The problems being experienced by the NHS now “were avoidable”, said Dr Higginson.

He said the British situation should serve as a warning to other health services around the world — including Australia.

How did it get so bad?

Some may find it surprising that the situation in UK hospitals could now be worse than at the height of the pandemic.

“The whole health service, along with the whole country, was orientated towards that single problem during the peak of the pandemic,” Dr Higginson said.

“What’s happening now is that we’ve got a health service which has been under-invested in, a social care system which is in real trouble, plus some extra stresses from COVID-19 and influenza, all coalescing.”

Dr Ball said she still has confidence that patients who are found to have serious illnesses are often seen very quickly.

But she said it is those with less urgent issues who often end up waiting, sometimes weeks or even months.

“General practice was already kind of on its knees, I think pre-pandemic,” Dr Ball said.

More than 7 million people are currently on NHS waiting lists in England, which is about 12 per cent of the population.

“We have a growing population, massive GP shortages which have been known about for a very, very long time, and after the pandemic wait times for surgeries and screening just blew out.

“There’s been this growing amount of work to do with a dwindling workforce,” said Dr Ball.

A female paramedic opens the door to an ambulance
Doctors say ambulances are waiting hours to drop off patients at overloaded hospitals. (Reuters: Henry Nicholls)

Other countries should make sure not to sleepwalk into a similar scenario, said Dr Higginson who worked in New Zealand and Australia for many years.

“I think try and learn the lessons from this, it’s really important to face up to these issues and try and get on top of them early.

“Let things get out of hand the way we did in the UK and it’s very difficult to recover — because there aren’t any quick fixes.”

What’s being done?

The UK government has been forced to address the concerns raised by doctors, after negative media coverage about the NHS shortfalls in recent weeks.

Rishi Sunak in a face mask leans on a counter at a nurses' station
British Prime Minister Rishi Sunak says people can hold him to account if NHS waiting lists in England do not fall in two years.(Reuters: Leon Neal)

In his first major speech of the year British Prime Minister Rishi Sunak claimed reducing NHS waiting lists in England is one of his five key promises for this parliament.

He said his government had already made gains by almost eliminating the number of patients waiting over two years for treatment.

Some doctors said far more action was needed, particularly to address the current situation with emergency care.

Meanwhile, nurses and ambulance drivers look set to continue strikes in the weeks ahead, with action planned throughout January.

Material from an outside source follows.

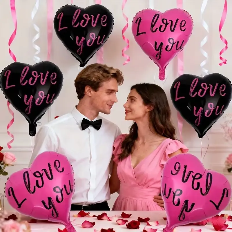 5pcs 18 Inch Rose Aluminum Heart Decorations, Perfect for Proposals, Weddings, Anniversaries, Romantic Scene Setup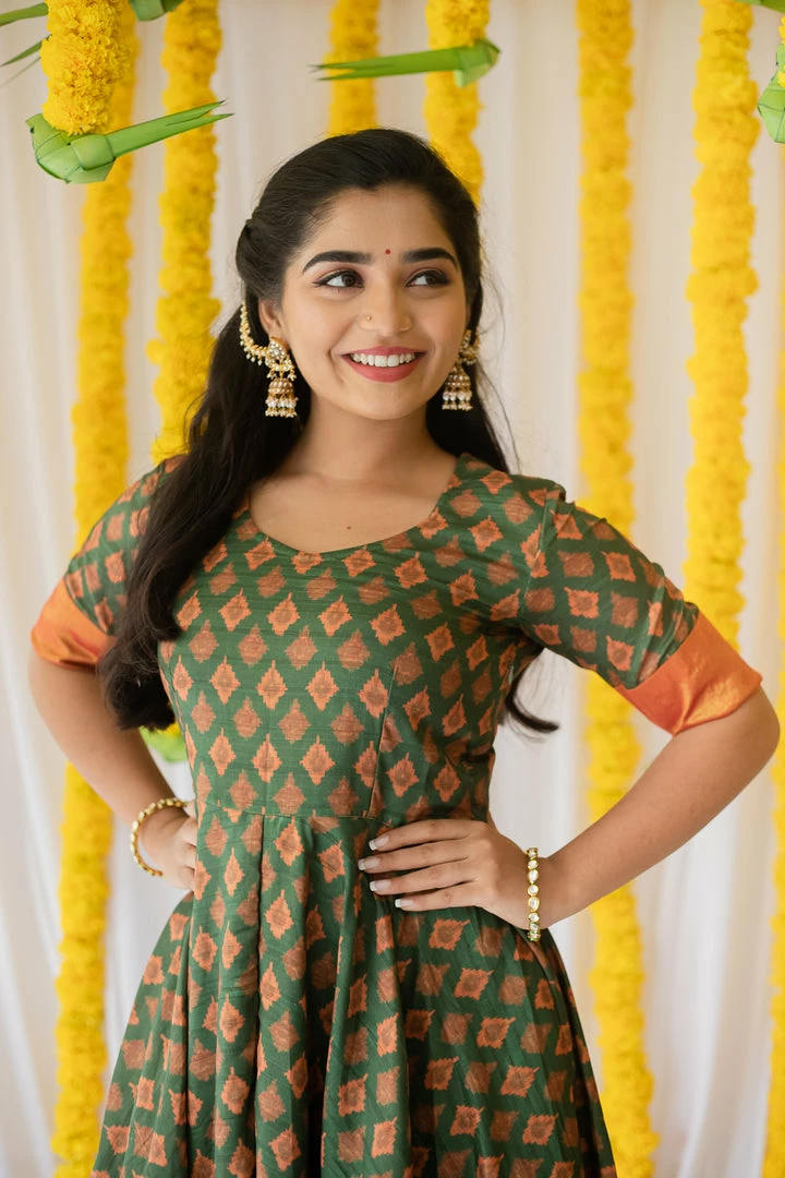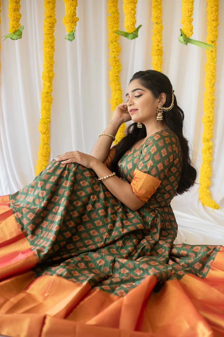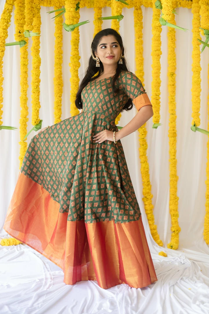 Soft semi tussar silk Ikat dress with a beautiful tissue border. Made in the flattering fit-and-flare silhouette, this dress is perfect for your festivities and can be worn all season long. Lining included.

Many find it hard to imagine the unions and government will be able to reach an agreement before the planned action.

The Royal College of Nurses is calling for a 19 per cent pay rise to battle inflation, but the government said it is unaffordable and has offered NHS staff in England and Wales an average increase of 4.75 per cent.

Nurses holding placards outside a hospital
NHS nurses say they need a pay rise to keep up with inflation. (Reuters: Maja Smiejkowska)

“The NHS is in a real state of crisis at the moment, but we’re not seeing a great deal of response from our policymakers and high-level leaders,” Dr Higginson said.

“We’re still fighting for acceptance of the problem. Before then we can’t do much.

“For those of us who became doctors to help people, this whole situation is just devastating, we just can’t provide the care we would like to,” said Dr Ball.